Penelope Mary Mordaunt (; born 4 March 1973) is a British politician who has been Leader of the House of Commons and Lord President of the Council since September 2022. A member of the Conservative Party, she has been Member of Parliament (MP) for Portsmouth North since May 2010. She served as a junior minister under Boris Johnson, having previously served in Theresa May's Cabinet as Secretary of State for International Development from 2017 to 2019, and as Secretary of State for Defence from May to July 2019. She ran twice for the Conservative party leadership in July–September, and October 2022, losing to Liz Truss and Rishi Sunak respectively.

Mordaunt read philosophy at the University of Reading, before working in the public relations industry.

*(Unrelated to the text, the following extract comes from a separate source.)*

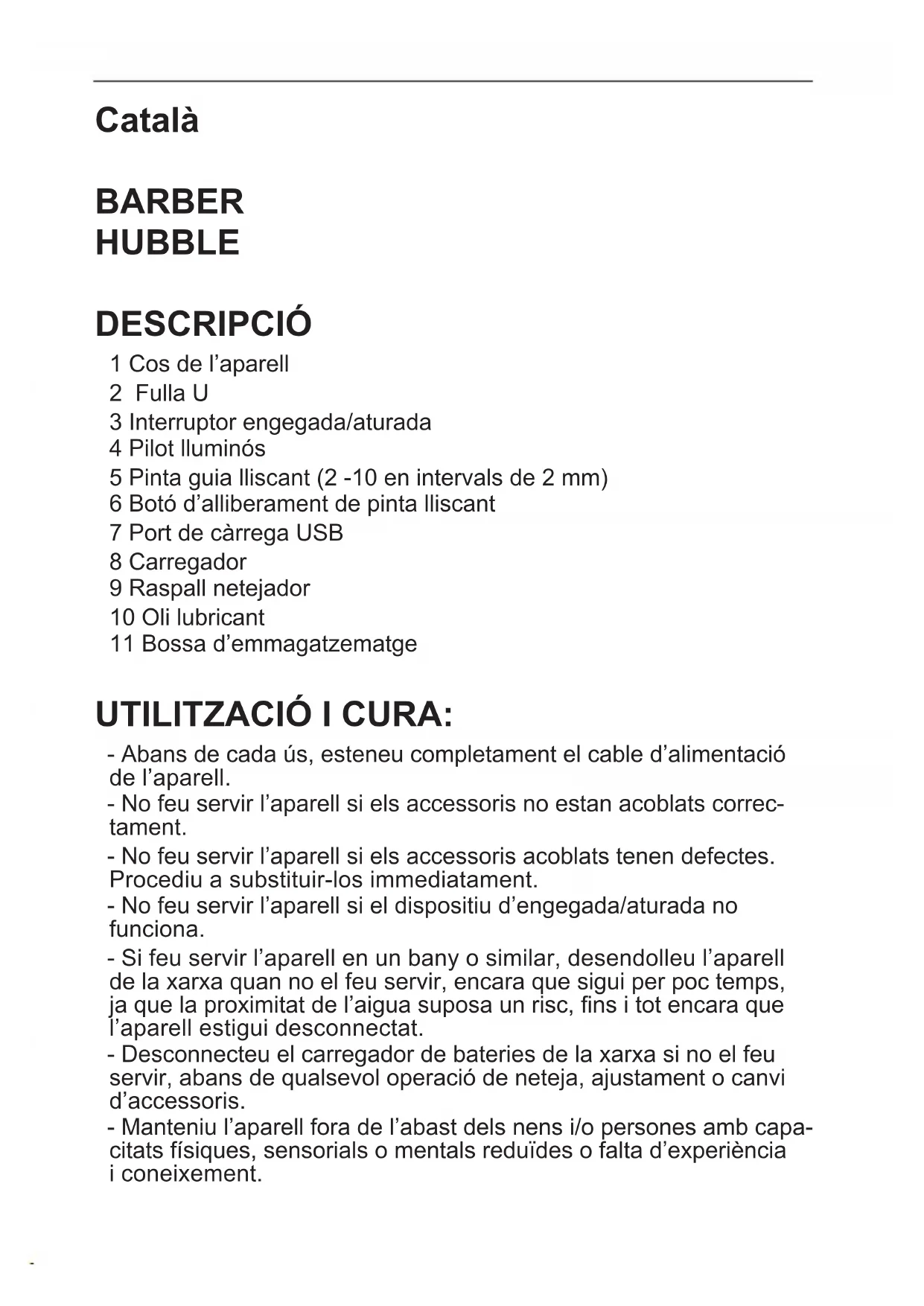 - Advertència: Les bateries noves no venen amb càrrega comple- ta i s’han de carregar al màxim abans de fer servir l’aparell per primera vegada. - Carregueu la bateria a temperatura ambient entre 4 i 40 ºC. - Endolleu el connector del carregador al port de càrrega USB de l’aparell (7), situada a la part inferior de l’aparell. - Endolleu el cable d’alimentació (8) a la xarxa elèctrica. - Mentre la bateria s’estigui carregant, hi parpellejarà el pilot(4) que indica que el carregador està carregant la bateria. - El temps necessari per a una càrrega completa és de 100 minuts aproximadament. - Quan la bateria està carregada per complet, la llum blava de l’indicador de càrrega (4) es torna xa. - Un cop nalitzada la càrrega, desendolleu el carregador de la xarxa elèctrica. - Quan l’aparell s’estigui quedant baix de bateria, el pilot lluminós (4) parpellejarà. Un cop comenci a parpellejar, connecteu l’aparell a la xarxa elèctrica.INSTRUCCIONS D’ÚS NOTES PRÈVIES A L’ÚS: - Assegureu-vos que heu retirat tot el material d’embalatge del producte. - Abans de fer servir el producte per primera vegada, és important fer una càrrega completa de les bateries. INSERCIÓ D’UNA PINTA GUIA: - Agafeu la pinta guia pels dos costats i introduïu el capçal a les guies (Fig. 1) i prement sobre el botó d’alliberament de la pinta (Fig. 2), llisqueu cap avall ns que s’hi acobli. - Feu servir el selector de mida de la pinta per ajustar l’altura del tall. - Per treure la pinta guia (5), manteniu premut el botó d’alliberament de la pinta (6) i estireu cap amunt. FULLA U (2) - Ideal per a retallar la barba, el bigoti i les patilles. - Es pot fer servir amb la pinta guia o sense, en funció de la longitud de tall desitjada. ÚS: - L’aparell es pot fer servir connectat a la xarxa o a les bateries. - Si voleu fer servir l’aparell connectat a la xarxa, esteneu completa- ment el cable abans d'endollar. - Connecteu l’aparell a la xarxa elèctrica. - Seleccioneu la mida de tall desitjada fent servir la pinta guia ade- quada amb la longitud desitjada. PER RETALLAR LA BARBA: - Feu servir la pinta guia (5) segons la mesura que desitgeu. - Talleu els cabells movent l’aparell en la direcció contrària a la del creixement natural. - Assegureu-vos sempre que les pues de la pinta guia apuntin a la direcció en què es mou l’aparell. - Eviteu que la pinta s’encalli amb els cabells. Traieu-la i netegeu-la de tant en tant. UN COP FINALITZAT L’ÚS DE L’APARELL: - Atureu l’aparell prement el botó engegada/aturada. - Desendolleu l’aparell de la xarxa elèctrica. - Netegeu l’aparell. - Perquè les fulles funcionin correctament, recomanem lubricar-les amb una goteta d’oli després de cada úsNETEJA - Desendolleu el carregador de la xarxa i deixeu-lo refredar abans de dur a terme qualsevol operació de neteja. - ADVERTÈNCIA: Separeu la part portàtil del cable d’alimentació abans de netejar-la amb aigua. - Desmunteu l'aparell seguint els passos següents: - Traieu la pinta guia (5) fent-ne servir el botó d’alliberament (6). - Agafeu l’aparell amb una mà i feu servir el polze per pressionar les fulles mentre subjecteu la part de plàstic amb el dit índex ns treure les fulles. (Fig.3). - Feu servir el raspall de neteja (9)per treure les restes de pèl dins de l’aparell i les fulles. - Netegeu l’aparell amb un drap humit impregnant amb unes gotes de detergent i després eixugueu-lo. - No feu servir dissolvents ni productes amb un factor pH àcid o bàsic com el lleixiu ni productes abrasius per netejar l’aparell. - No submergiu l’aparell en aigua ni en cap altre líquid. - Durant el procés de neteja s’ha d’anar molt en compte amb les fulles, ja que estan molt alades. - Si l’aparell no es manté en bon estat de neteja, la superfície pot degradar-se i afectar de manera inexorable la durada de la vida de l’aparell i provocar una situació perillosa. - Netegeu les fulles i la pinta guia amb el raspall de neteja. Traieu els pèls de les fulles i de dins de l’aparell amb el raspall. És impor- tant netejar les restes de pèl després de cada ús COM TREURE LES BATERIES DE L’INTERIOR DE L’APARELL: - Advertència: És important que les bateries estiguin descarregades completament abans de retirar-les de l’aparell. - Advertència: l’aparell ha d’estar desconnectat de l’alimentació quan se’n treguin les bateries - Per treure les bateries, un cop nalitzada la vida de l’aparell, pro- cediu de la manera següent: - Obriu la carcassa superior de l’aparell i traieu prèviament amb l’ajuda d’un tornavís els cargols de xació. (Fig. 4) - Identiqueu la bateria i talleu-ne els cables (Vermell i Negre). Per evitar riscos de curtcircuit amb la possible càrrega residual de la bateria, talleu en primer lloc el cable Vermell i protegiu-ne la part conductora amb cinta aïllant. Després, talleu el cable Negre de la mateixa manera. (Fig. 5) - Traieu amb compte la bateria del seu allotjament.Nederlands BAARDTRIMMER HUBBLE BESCHRIJVING 1 Romp van het apparaat 2 Mes U 3 Aan/uit schakelaar 4 Indicatorlampje 5 Glijdende geleidekam (2 -10 op intervallen van 2 mm) 6 Knop voor het loskoppelen van de glijdende kam 7 USB laadpoort 8 Oplader 9 Reinigingsborsteltje 10 Smeerolie 11 Opbergtas GEBRUIK EN ONDERHOUD: - Rol voor gebruik de voedingskabel van het apparaat volledig af. - Gebruik het apparaat niet wanneer de accessoires niet correct aangesloten zijn. - Gebruik het apparaat niet als de aangekoppelde accessoires beschadigd zijn. Vervang ze onmiddellijk. - Gebruik het apparaat niet als de aan/uit knop niet werkt. - Trek in een badkamer of een vergelijkbare ruimte de stekker uit het stopcontact als u het apparaat niet gebruikt, ook al is het maar voor korte tijd, aangezien de aanwezigheid van water een risico vormt, zelfs wanneer het apparaat uitgeschakeld is. - Trek de stekker van de batterijlader uit het stopcontact wanneer u hem niet gebr

She held roles within the Conservative Party under party leaders John Major and William Hague, and also worked for George W. Bush's presidential campaigns in 2000 and 2004. Mordaunt was elected to the House of Commons in May 2010. Under the coalition government of David Cameron, she served as Parliamentary Under-Secretary of State for Decentralisation from 2014 to 2015. After the 2015 general election, Cameron promoted her to Minister of State for the Armed Forces, the first woman to hold the post. Mordaunt supported Brexit in the 2016 referendum on EU membership. Following Theresa May's appointment as Prime Minister, Mordaunt was appointed Minister of State for Disabled People, Work and Health. In 2017, following the resignation of Priti Patel, she was appointed Secretary of State for International Development. She also served as Minister for Women and Equalities from 2018 to 2019.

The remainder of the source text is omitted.